There was a time he had a problem with Babatunde Fashola and he nearly stopped him from doing a second term but that one fought back, and was able to secure a second term.

So, it is for those who live in Lagos to challenge him. It’s not for you, I mean, if you have a political inclination, you challenge him. I don’t think there’s any magic in what he’s doing. He probably has the resources to do it.

And if it is not comfortable, I don’t like it. Because it’s a one-man show as far as I’m concerned. I mentioned it first, but it is happening. Whether he will turn Nigeria into the same system, I think it will be difficult but you can see that we’re not running democracy. I’ve always said that we have a civil rule, what I call democratic centralism.

Somebody stays somewhere, apologetically using democracy to deceive people, and says, where have you seen that discussion taking place? It is what the president decides to happen that will happen. It’s a carryover of it into the Senate, into the House of Representatives, and they pass the laws.

We have a fundamental problem of our institutions not being able to democratize the system itself. So, it is not enough to criticize one person. How about the president of the Senate? How about the speaker of the Federal House? How about the governors? Do you know what the governors do in the various states?

They appoint all the commissioners. They appoint the chairman of the local government. They appoint even councillors. We have a problem in this country that we don’t need to itemize it to one person. That’s the fundamental problem with democracy in Nigeria.

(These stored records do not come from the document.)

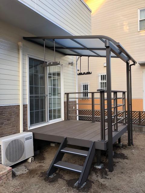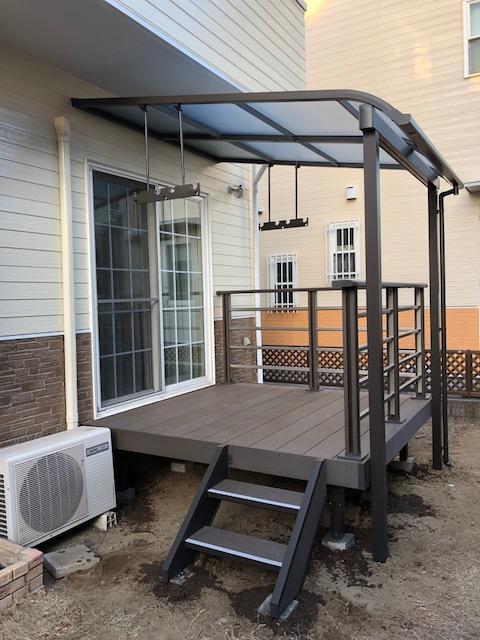 ウッドデッキは老朽化に伴い撤去済でした。洗濯物が干せるようにテラス付きの樹ら楽ステージを設置しました。
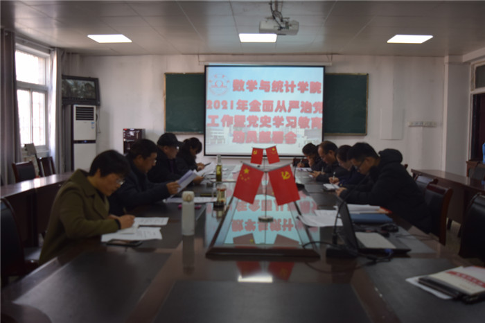 会上,传达了学校2021年全面从严治党工作暨党史学习教育动员部署会议精神及校党委书记汪刘送在动员部署会上的讲话精神,学习了学校关于开展党史学习教育的实施方案的文件精神和要求,同时,对数统学院2021年全面从严治党工作及党史学习教育工作进行了布置和安排,并宣布成立数统学院党史学习教育领导小组。
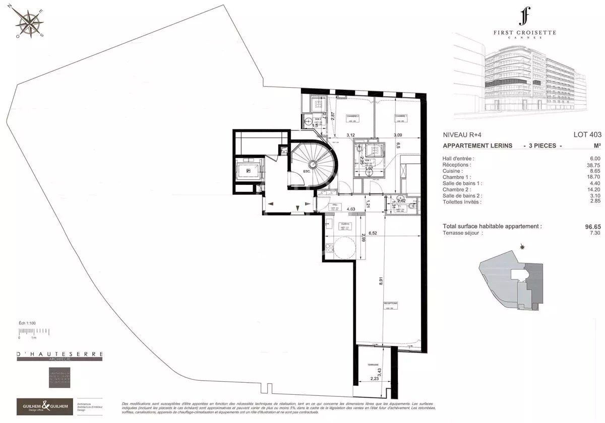Collection d’Azur vous présente cette nouvelle résidence de très haut standing à l’architecture affirmée située au cœur de la Croisette, à quelques pas du Palais des Festivals et du Vieux Port. L'appartement 3 pièces d'environ 96.65 m² situé en 4ème étage est constitué d'un salon avec larges baies vitrées, une cuisine ouverte entièrement équipée, de 2 chambres en suite et une terrasse d'environ 7.30 m². Cet ensemble élégant, offre des finitions raffinées et luxueuses pour un confort optimal. Un magnifique SPA privatif, sauna, hammam, salle de massage, salle de sport. Garage et Cave. Service de conciergerie 7/7, sécurité 24/24 et parkings en sous-sol. Frais de notaire réduits. Les informations sur les risques auxquels ce bien est exposé sont disponibles sur le site Géorisques : www.georisques.gouv.fr

As a PDP chieftain, what is your assessment of the Tinubu administration so far?

I have said that anybody who succeeded Buhari has to be a magician to do any better job within one year. I have repeated it even in this interview. So, it would be difficult for me to have a justification, either way, one year plus, to assess what Tinubu is doing.

All I would say is he got up on his inauguration day to remove oil subsidy without a concomitant solution to what he did. That is part of the problem we are in. So, he created a problem that he could not solve. Also, by floating the Naira, he created a problem he could not solve. So, it’s self-inflicting.

These two major problems are the summary of the Nigeria’s economic woos today. So, to that extent, anybody who complains about that is justifiable. But I’m not inside the system. I don’t know what they are seeing in the system.

But whatever it is they are seeing, they have to understand that Nigerian people are in a terrible mess. If the mess is about people dying, then it’s a very serious mess.

When do you think would be the best time to assess Tinubu’s administration?

You should give me another six months. What I normally say is that if somebody takes over, he has a justifiable reason to want to understudy. Even though it was the same party, he wasn’t in that government.

So, you need at least one year to be able to understudy what your predecessors did. And then we look at the footprints you are putting forward. Those footprints, I haven’t seen. And I must be honest with you, I’m not an economist.

They may have some footprints, but I’m not seeing it because the problem in the society is mounting by the day, by the week, by the month. So, if they are not doing anything the people can perceive, they better start doing it because we are talking about Nigerian life, not APC or PDP.